Note that this is for the supplied length bytes.

  • The page is copied into the “programming buffer”:
 // Copy buffer into programming buffer
      bufPtr = buff;
      addrPtr = (uint16_t)(void*)address;
      ch = SPM_PAGESIZE / 2;
      do {
        uint16_t a;
        a = *bufPtr++;
        a |= (*bufPtr++) << 8;
        boot_page_fill((uint16_t)(void*)addrPtr,a);
        addrPtr += 2;
      } while (--ch);

This time the full page is copied, not the length amount.

  • The page is commited to flash:
  // Write from programming buffer
      boot_page_write((uint16_t)(void*)address);
      boot_spm_busy_wait();

The net effect of this would be that (even though the page was erased) the wrong data was copied from the temporary buffer to flash.

Aha!

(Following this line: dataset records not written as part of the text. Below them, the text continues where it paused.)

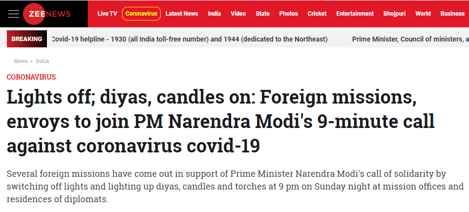 अफ़गानिस्तान, नेपाल, भूटान, बांग्लादेश, मालदीव, वियतनाम, जापान, ऑस्ट्रेलिया, इज़रायल, जर्मनी, ट्यूनीशिया और मैक्सिको के विदेशी मिशन ने ‘ज़ी मीडिया’ को बताया कि वो सभी पीएम मोदी की इस मुहिम में हिस्सा लेंगे. ‘ज़ी न्यूज़’ ने अपनी रिपोर्ट में बताया, “कई विदेशी मिशन ने प्रधानमंत्री नरेंद्र मोदी की उस मुहिम में हिस्सा लिया था जिसमें 5 अप्रैल को रात 9 बजे 9 मिनट के लिए दिया, मोमबत्ती, टॉर्च जलाने की अपील की थी. रविवार की रात को मिशन ऑफ़िस और राजनायिकों के घर पर दिये जलाए गए थे.”
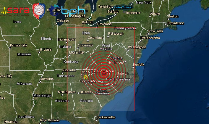 SCOSSA DI TERREMOTO DI Mw 5.1 NELLA ZONA AL CONFINE TRA NORTH CAROLINA E VIRGINIA (USA)
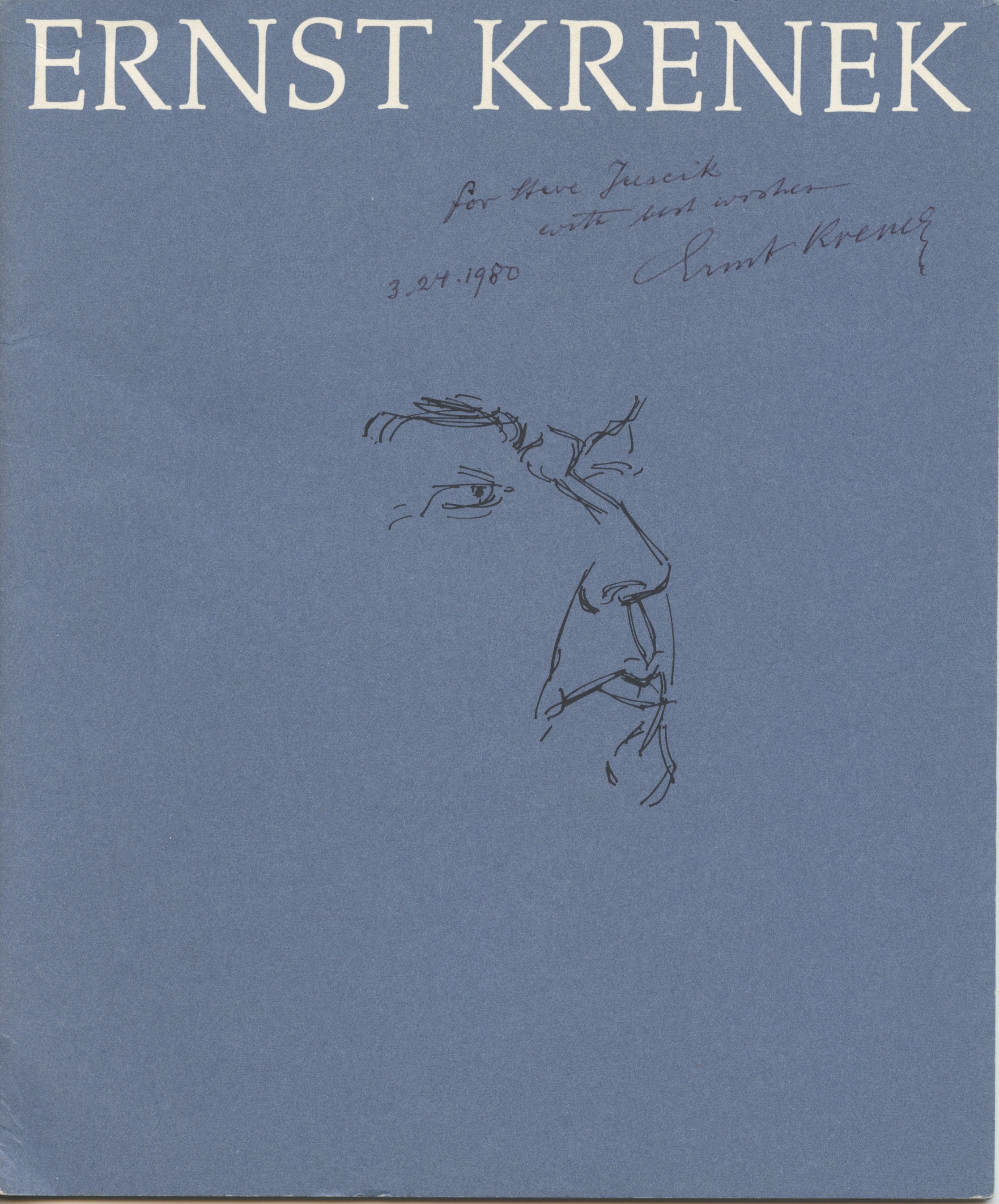 Signed brochure, 20 pp. lavishly produced with biographical materials, photographs and works list, promoting the Austrian-American composer. Issued by BMI, ca. 1968. Inscribed, "for Steve Juscik / with best wishes / Ernst Krenek / 3.24.1980" to cover. 9 x 7.5 inches (22.8 x 19 cm). In fine condition.
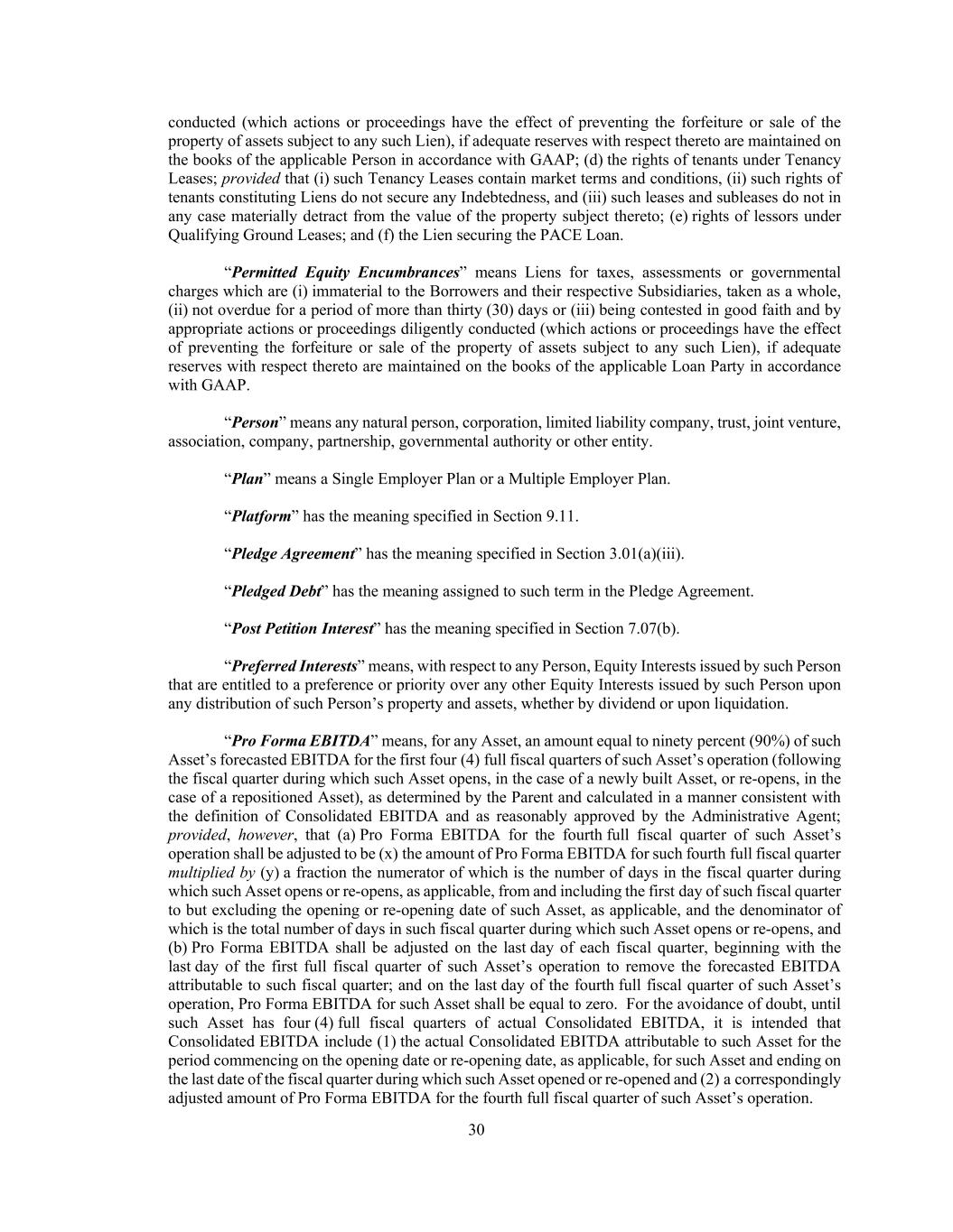 30 conducted (which actions or proceedings have the effect of preventing the forfeiture or sale of the property of assets subject to any such Lien), if adequate reserves with respect thereto are maintained on the books of the applicable Person in accordance with GAAP; (d) the rights of tenants under Tenancy Leases; provided that (i) such Tenancy Leases contain market terms and conditions, (ii) such rights of tenants constituting Liens do not secure any Indebtedness, and (iii) such leases and subleases do not in any case materially detract from the value of the property subject thereto; (e) rights of lessors under Qualifying Ground Leases; and (f) the Lien securing the PACE Loan. “Permitted Equity Encumbrances” means Liens for taxes, assessments or governmental charges which are (i) immaterial to the Borrowers and their respective Subsidiaries, taken as a whole, (ii) not overdue for a period of more than thirty (30) days or (iii) being contested in good faith and by appropriate actions or proceedings diligently conducted (which actions or proceedings have the effect of preventing the forfeiture or sale of the property of assets subject to any such Lien), if adequate reserves with respect thereto are maintained on the books of the applicable Loan Party in accordance with GAAP. “Person” means any natural person, corporation, limited liability company, trust, joint venture, association, company, partnership, governmental authority or other entity. “Plan” means a Single Employer Plan or a Multiple Employer Plan. “Platform” has the meaning specified in Section 9.11. “Pledge Agreement” has the meaning specified in Section 3.01(a)(iii). “Pledged Debt” has the meaning assigned to such term in the Pledge Agreement. “Post Petition Interest” has the meaning specified in Section 7.07(b). “Preferred Interests” means, with respect to any Person, Equity Interests issued by such Person that are entitled to a preference or priority over any other Equity Interests issued by such Person upon any distribution of such Person’s property and assets, whether by dividend or upon liquidation. “Pro Forma EBITDA” means, for any Asset, an amount equal to ninety percent (90%) of such Asset’s forecasted EBITDA for the first four (4) full fiscal quarters of such Asset’s operation (following the fiscal quarter during which such Asset opens, in the case of a newly built Asset, or re-opens, in the case of a repositioned Asset), as determined by the Parent and calculated in a manner consistent with the definition of Consolidated EBITDA and as reasonably approved by the Administrative Agent; provided, however, that (a) Pro Forma EBITDA for the fourth full fiscal quarter of such Asset’s operation shall be adjusted to be (x) the amount of Pro Forma EBITDA for such fourth full fiscal quarter multiplied by (y) a fraction the numerator of which is the number of days in the fiscal quarter during which such Asset opens or re-opens, as applicable, from and including the first day of such fiscal quarter to but excluding the opening or re-opening date of such Asset, as applicable, and the denominator of which is the total number of days in such fiscal quarter during which such Asset opens or re-opens, and (b) Pro Forma EBITDA shall be adjusted on the last day of each fiscal quarter, beginning with the last day of the first full fiscal quarter of such Asset’s operation to remove the forecasted EBITDA attributable to such fiscal quarter; and on the last day of the fourth full fiscal quarter of such Asset’s operation, Pro Forma EBITDA for such Asset shall be equal to zero. For the avoidance of doubt, until such Asset has four (4) full fiscal quarters of actual Consolidated EBITDA, it is intended that Consolidated EBITDA include (1) the actual Consolidated EBITDA attributable to such Asset for the period commencing on the opening date or re-opening date, as applicable, for such Asset and ending on the last date of the fiscal quarter during which such Asset opened or re-opened and (2) a correspondingly adjusted amount of Pro Forma EBITDA for the fourth full fiscal quarter of such Asset’s operation.

Proof!

Reading back from the chip:

:2002A000020190930301A0930401B0930501BF91AF919F918F913F912F910F900FBE0F9018
:2002C0001F901895789484B5826084BD84B5816084BD85B5826085BD85B5816085BDEEE670
:2002E000F0E0808181608083E1E8F0E01082808182608083808181608083E0E8F0E08081BA
:2003000081608083E1EBF0E0808184608083E0EBF0E0808181608083EAE7F0E0808184606F
:2003200080838081826080838081816080838081806880831092C1000895F894FFCF0F900A

Directly following the 0xFFCF which should be 0xFFFF, is actually 0x0F90. And if you look back exactly 128 bytes, there is 0x0F90 again!

So I would suggest that the bootloader should clear the temporary buffer to 0xFF before reading into it from incoming serial port.

Now that sounds like a software bug just shot down dead, even for this old hardware type.

But I bet optiboot doesn't have room left in it's code space to add the needed action. 8)

Optiboot, the loader the keeps on giving. ;)

[quote author=Nick Gammon link=topic=84243.msg631711#msg631711 date=1324608869] What I don't get (but I think I might now) is why this is a problem. Consider that you erase pages, not bytes. ... [/quote]

So should only occur for partial pages (presumably the last page)?